It should be clear that $\varphi(\vec{X})$ is a density function that has the same dimensionality as $\vec{X}$.

It is also helpful if we define our volume V$_n$ in terms of the number of dimensions d that our density function $\varphi(\vec{X})$ has. This parameterization has the form

$V_n = h_n^d$

where h$_n$ is the length of a side of the hypercube that has volume V$_n$, and d is the number of dimensions of our density function $\varphi(\vec{X})$. h$_n$ is often referred to as the window width; this intuitive meaning is illustrated in Figure [1]. Note that V$_n$ does not necessarily need to be enclosed by a hypercube, but can instead be enclosed by a hypervolume that does not have equally sized sides. However, $\varphi(\vec{X})$ is usually chosen to be equally scaled in all dimensions for the sake of simplicity.

Now comes the distinctive feature of the Parzen window technique. Let us say that, out of our n samples, k of the samples fall within our volume V$_n$ centered at $\vec{X}$. This number k$_n$ can be expressed as

$k_n = \sum_{i=1}^n \varphi\left(\frac{\vec{X} - \vec{X}_i}{h_n}\right)$

where $\vec{X}_i$ describes the coordinates of the ith sample. We can then make the simple substitution of the above equation into the equation describing p$_n$:

$p_n(\vec{X}) = \frac{1}{n}\sum_{i = 1}^n\frac{1}{V_n}\varphi\left(\frac{\vec{X}-\vec{X}_i}{h_n}\right)$

The above formula is the one most commonly associated with the Parzen windowing method. It essentially says that the estimated p.d.f. is made up of a sum of window functions, and is an actual density itself provided that $\varphi(\vec{X})$ is a density function and the values of the mean and variance of the estimated p.d.f. converge. That is, $p_n(\vec{X})\xrightarrow{n\rightarrow\infty}p(\vec{X})$. Please refer to Duda, Hart, and Stork, Chapter 4, p. 8-10 [1] for an involved but excellent derivation of these convergence properties.

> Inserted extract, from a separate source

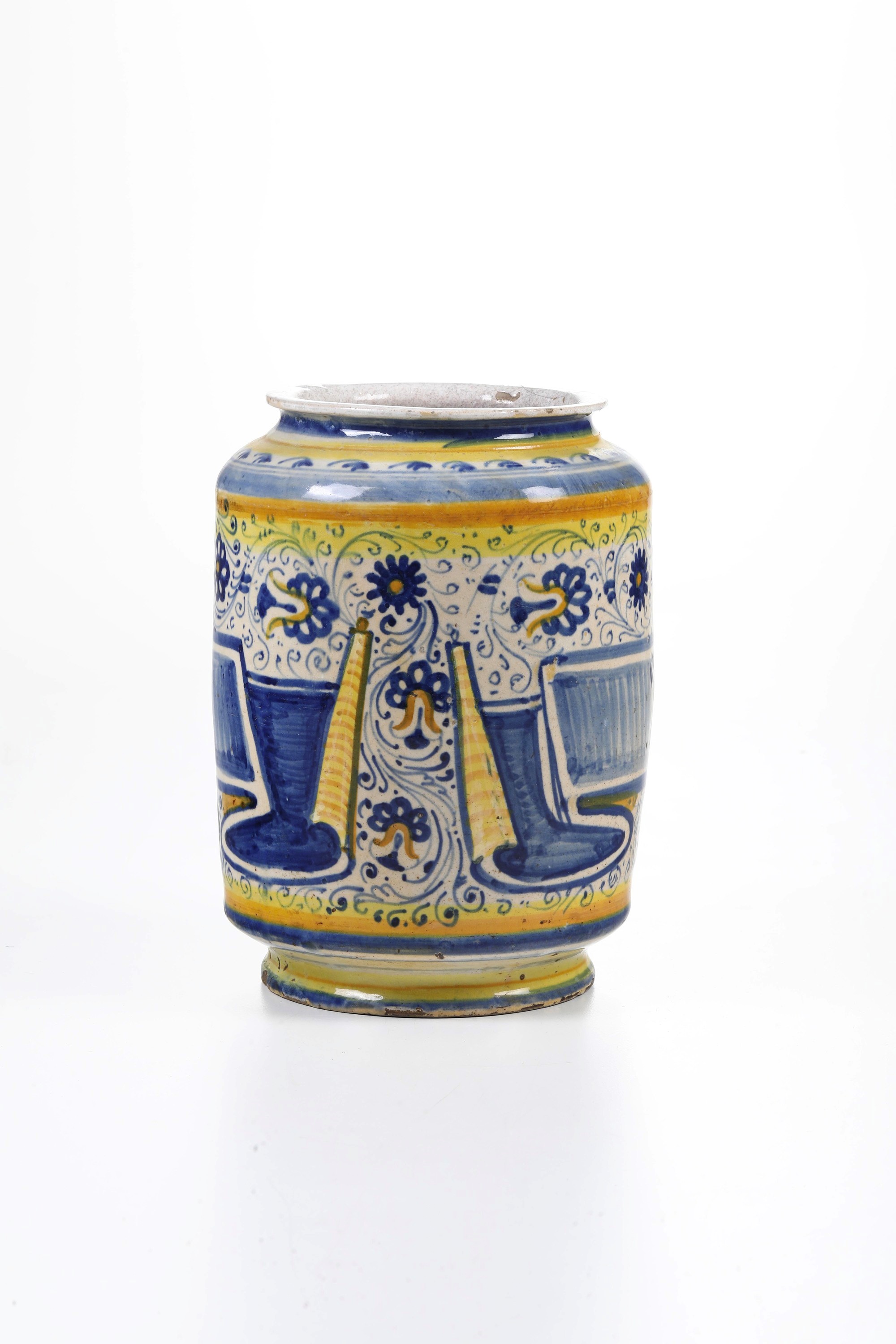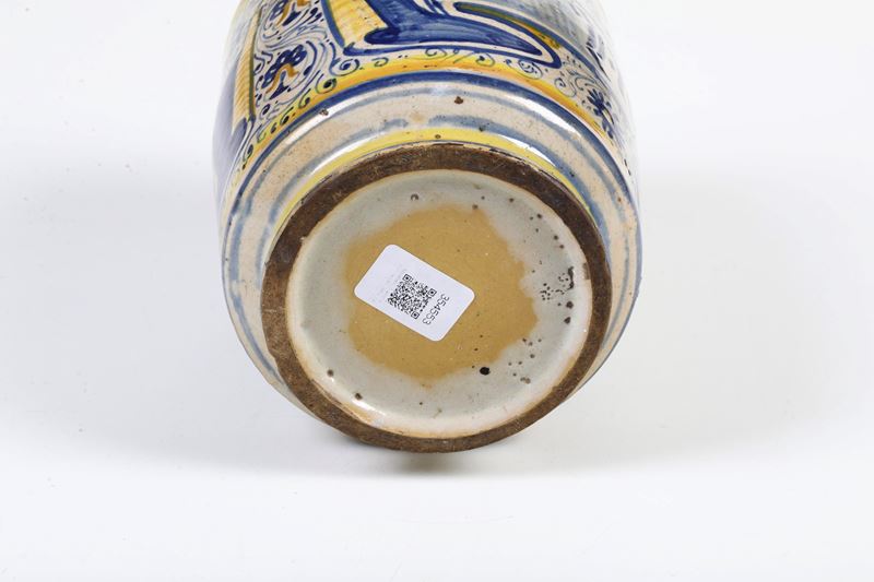 Maiolica. Altezza cm 23. Conservazione: ottima; piccolo frammento al bordo superiore incollato; minime sbeccature al bordo inferiore
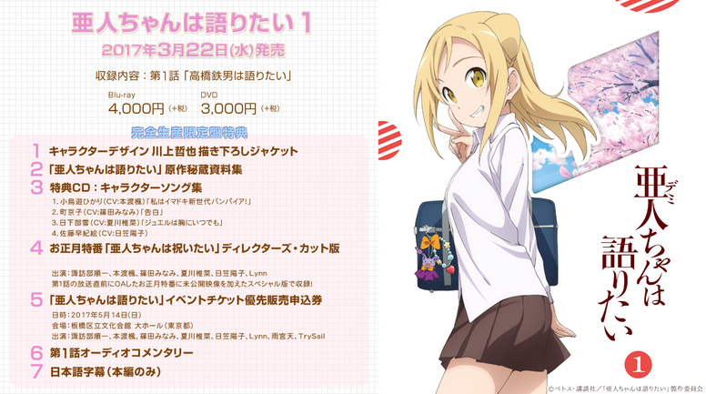 亜人ちゃんは語りたい / Blu-ray&DVD第1巻 ジャケットデザイン公開! 2月 19, 2017 3月22日(水)発売『亜人ちゃんは語りたい』Blu-ray&DVD第1巻のジャケットデザインを公開!キャラクターデザイン・川上哲也描き下ろしのひかりが登場!ただいまご予約受付中です!Blu-ray&DVD第1巻はこちら■作品詳細ページ 共有 リンクを取得 Facebook × Pinterest メール 他のアプリ ラベル Aniplex demichan アニプレックス 亜人ちゃんは語りたい 共有 リンクを取得 Facebook × Pinterest メール 他のアプリ コメント

Fig 1: Examples of Gaussian $\varphi(\vec{X})$ functions with $\Sigma = \mathcal{I}$. Note the drastically different shapes/values of $\varphi(\vec{X})$ as h changes. (A) h = 0.1, (B) h = 1.0 (C) h = 5.0

As mentioned above, the window function $\varphi(\vec{X})$ can be chosen to be anything so long as it is a true density function. Some popular choices are a uniform p.d.f. on the interval equal to the length of h and the Gaussian p.d.f. with $\mu = \vec{X}_i$ and $\Sigma = \mathcal{I}$. Below are a few figures that illustrate a) the nature of the window function $\varphi(\vec{X})$ and how it changes as h changes and b) the nature of a Parzen window-estimated density function and how it differs from the true density function from which data is drawn.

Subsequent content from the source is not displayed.